Function name	explain
dictCreate	Initialize an empty dictionary
dictAdd	Add elements; First find out whether the key exists. If it exists, modify it. Otherwise, add a key value pair
dictFind	Find element
dbOverwrite	Modify elements; Modify the value in the node key value pair to a new value to free the memory of the old value
tryResizeHashTables	Delete element; Release the key and value corresponding to the node and the memory occupied by the node itself

Adding elements may lead to capacity expansion:

Insufficient available space leads to capacity expansion. During capacity expansion, the space size is the current capacity * 2, i.e.
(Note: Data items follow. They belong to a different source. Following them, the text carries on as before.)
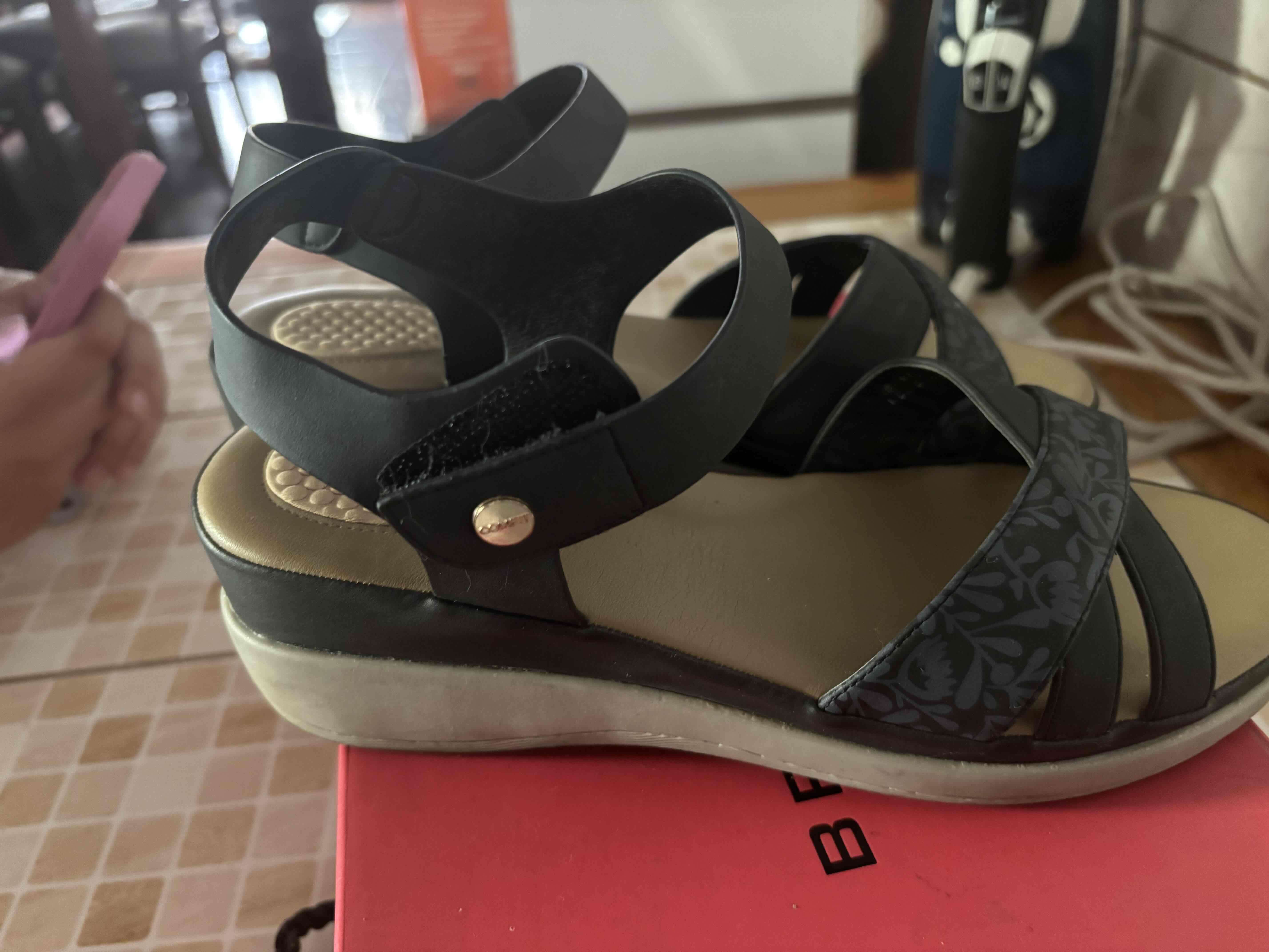 Sandalias negras con plataforma, diseño floral sutil y velcro ajustable. Perfectas para uso diario.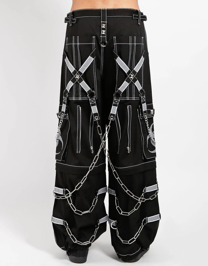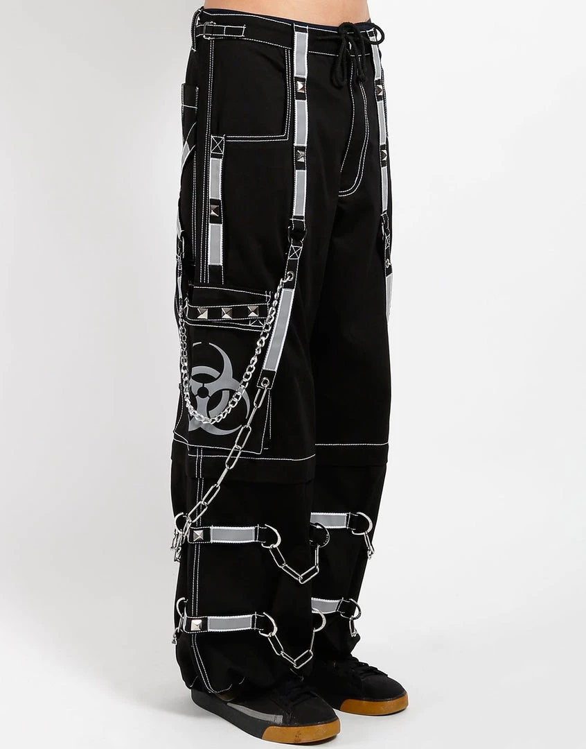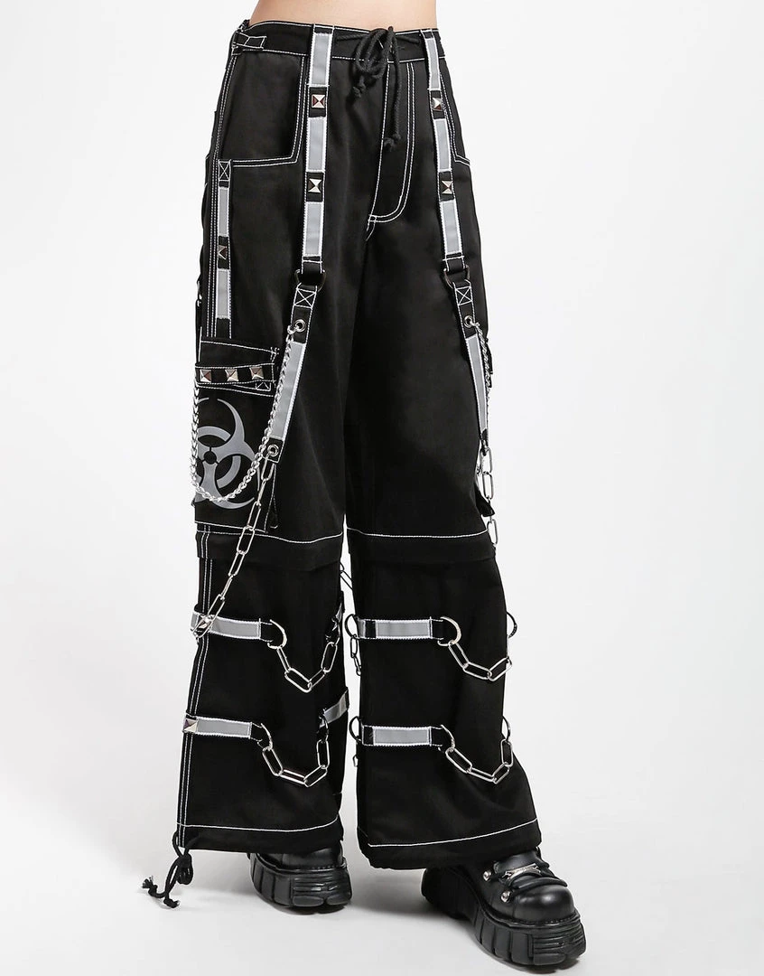Accept no imitations! From the originator of all things DarkStreet, these pants zip off into shorts and feature removable straps and chains, reflective BIOHAZARD print and details, contrast stitching, adjustable ankles, D-rings, and deep pockets.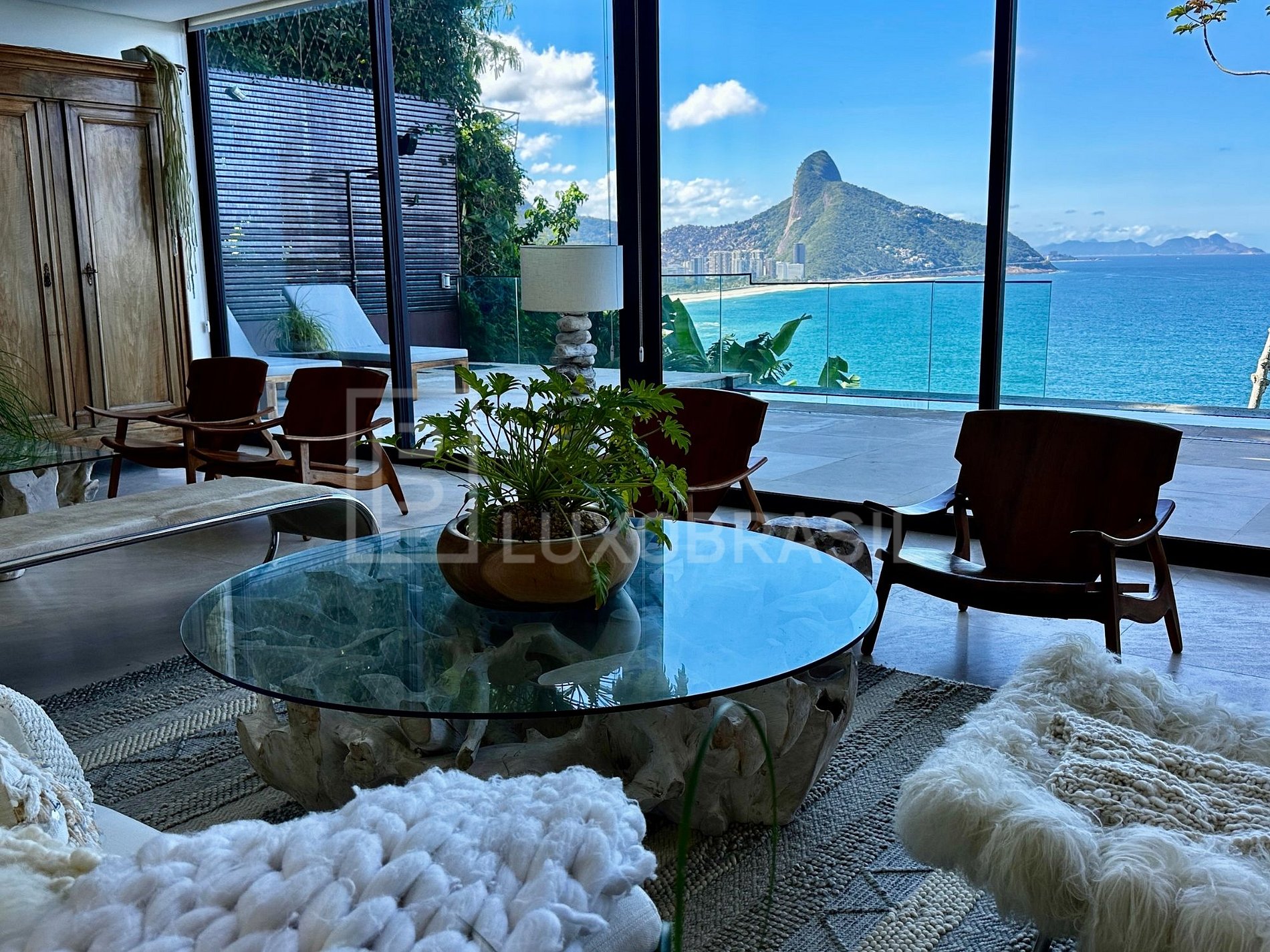 Esta impresionante villa es un verdadero refugio entre el mar y la selva, ubicada en el corazón de Joá — uno de los barrios más exclusivos de Río de Janeiro.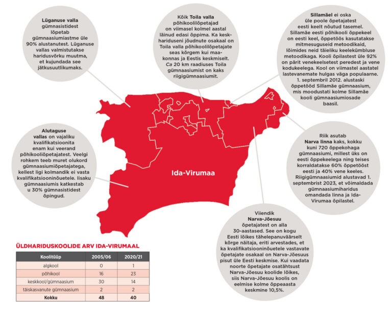 Ida-Virumaa eristub ülejäänud Eestist sellega, et suure osa põhikooliõpetajate riigikeeleoskuse tase ei vasta nõuetele. See muudab paljudele keeruliseks haridustee jätkamise gümnaasiumis. Mida on olukorra parandamiseks tehtud, mis teoksil?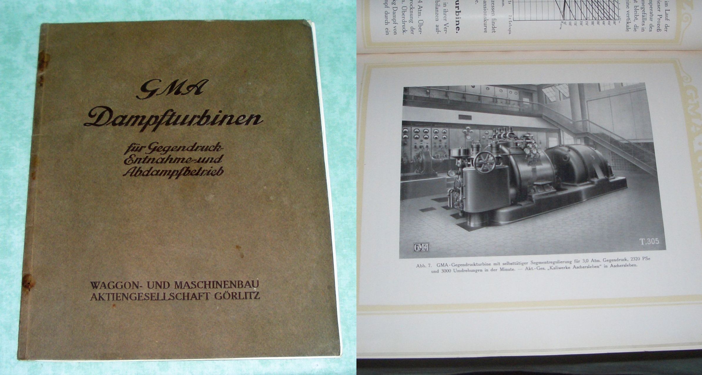 Firmengeschichte + Firmenkataloge Waggon- und Maschinenbau Aktiengesellschaft Görlitz. GMA-Dampfturbinen für Gegendruck-Entnahme und Abdampfbetrieb. Um 1920. 46 Seiten, 44 Abb. (Darunter 4 Abb. mit den verschiedenen Werken in Görlitz und Cottbus) kart.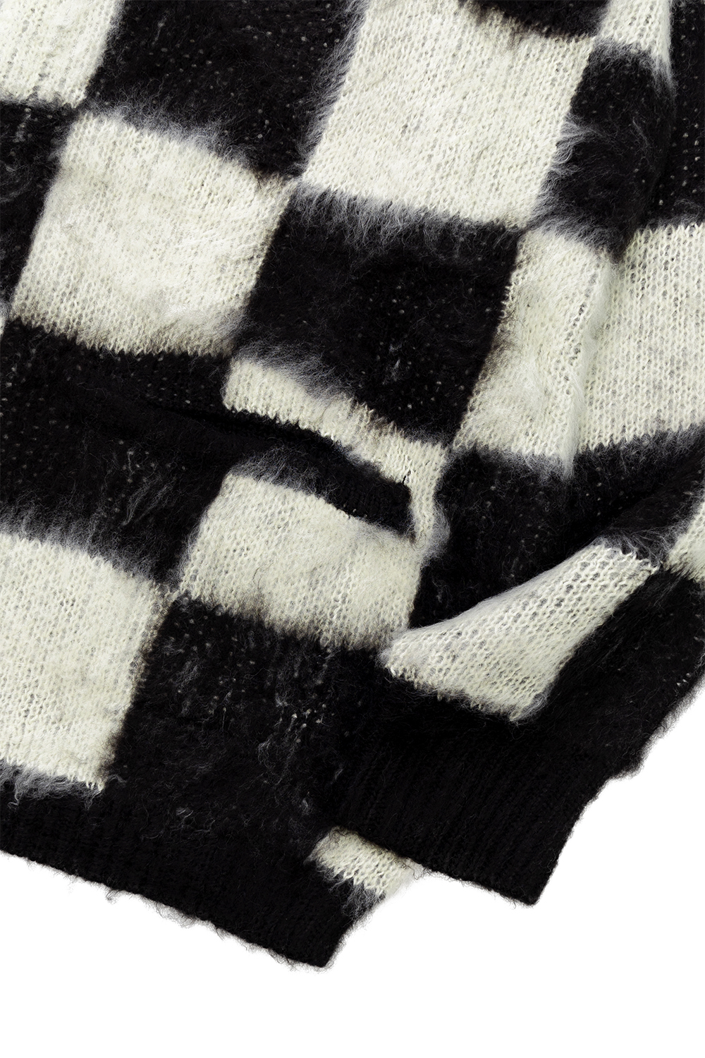Houston Japan UNIVERD72 Mohair Touch Cardigan Checkerd Flag Black 22330

D - > HT [0] used*2

Deleting elements may cause shrinkage:

When the usage is less than 10% of the total space, the volume shall be reduced; When shrinking, the space size can contain D - > HT [0] Used is a 2^N power integer of nodes, and the field rehashidx in the dictionary is identified as 0

1) Dictionary initialization: dictCreate

/* Create a new Hash table */
dict *dictCreate(dictType *type, void *privDataPtr){
    dict *d = zmalloc(sizeof(*d));  //96 bytes
    _dictInit(d,type,privDataPtr);  //Structure initialization value
    return d;
}
/* Initialize the hash table */
int _ dictInit (dict *d, dictType *type, void *privDataPtr){
    _dictReset(&d->ht[0]);
    _dictReset(&d->ht[1]);
    d->type = type;
    d->privdata = privDataPtr;
    d->rehashidx = -1;
    d->iterators = 0;
    return DICT_OK;
}

The main steps are: applying for space and calling_ dictInit function, which assigns initial values to each field of the dictionary.

2) Add element: dictAdd

After receiving the command, the Server side will execute the setKey(redisDbdb,robjkey,robj*val) function

Step 1: call the dictFind function to query whether the key exists. If yes, call the dbOverwrite function to modify the key value pair. Otherwise, call the dbAdd function to add elements;

Step 2: dbAdd finally calls the dictAdd function in the dict.h file to insert the key value pair.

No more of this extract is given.